Я снова задумалась, чудик терпеливо ждал.
Минут через десять я задумчиво протянула:
– Я есть хочу.
– Что, прости?
– Хочу есть, – повторила я.
Он начал смеяться, даже не смеяться, а хохотать. Снова.
– Почему ты все время надо мной смеешься?
Думаете я сразу получила нормальный ответ? Естественно, нет. Впервые вижу, чтобы кто-нибудь так смеялся.
Успокоившись, но раскрасневшись так, что от завести умер бы даже самый спелый помидор, он сказал:
– Тебе только что сообщили то, о чем многие и не догадываются, а ты думаешь о еде?! Ты невозможна, ты это знаешь?
Я насупилась и обиженно толкнула его в плечо, что вызвало новую неконтролируемую волну смеха.
– А ты просто несносен!
* * *
Мы проходим между стеллажами с продуктами. Кругом люди, застывшие в довольно нелепых позах. Я верю во все, что узнала, но мне все равно кажется, что сейчас все «оживут». И это очень странно. Ходить рядом с теми, кто даже не подозреват, что пропускает день жизни.

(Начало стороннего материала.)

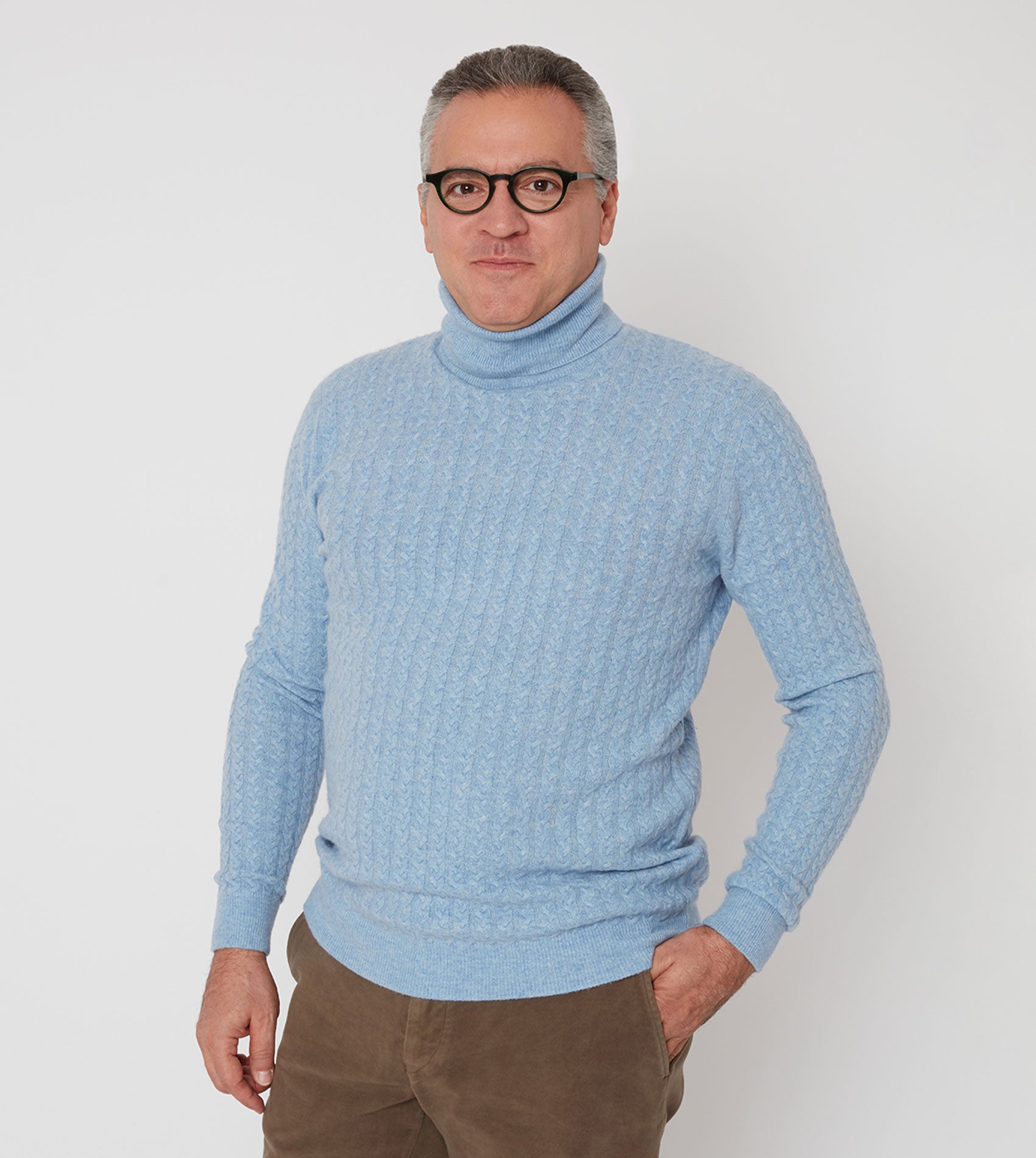 A men’s roll neck jumper in a classic cable knit design, crafted from 100% pure cashmere. Soft, warm, and naturally breathable, this versatile jumper combines timeless style with luxurious comfort for everyday wear.

Взяв немного еды и оставив деньги на кассе, мы вернулись к той скамейке, где мы встретились.
– Как тебя зовут? – спросила я, раскрывая упаковку с пончиками.
– Почему ты спрашиваешь? – искренне удивился он.
– А не должна?
– Обычно люди не спрашивают, – пожал плечами чудик. – Возможность что-то изменить настолько увлекает, что они забывают обо всем.
– И как же мне тебя называть?
– Зови, как тебе хочется.
– Хорошо, тогда я буду тебя звать… – я задумалась, а потом меня буквально осенило, – Чудик! Да, я буду звать тебя Чудик!
– Чудик? Не уверен, что мне нравится это имя.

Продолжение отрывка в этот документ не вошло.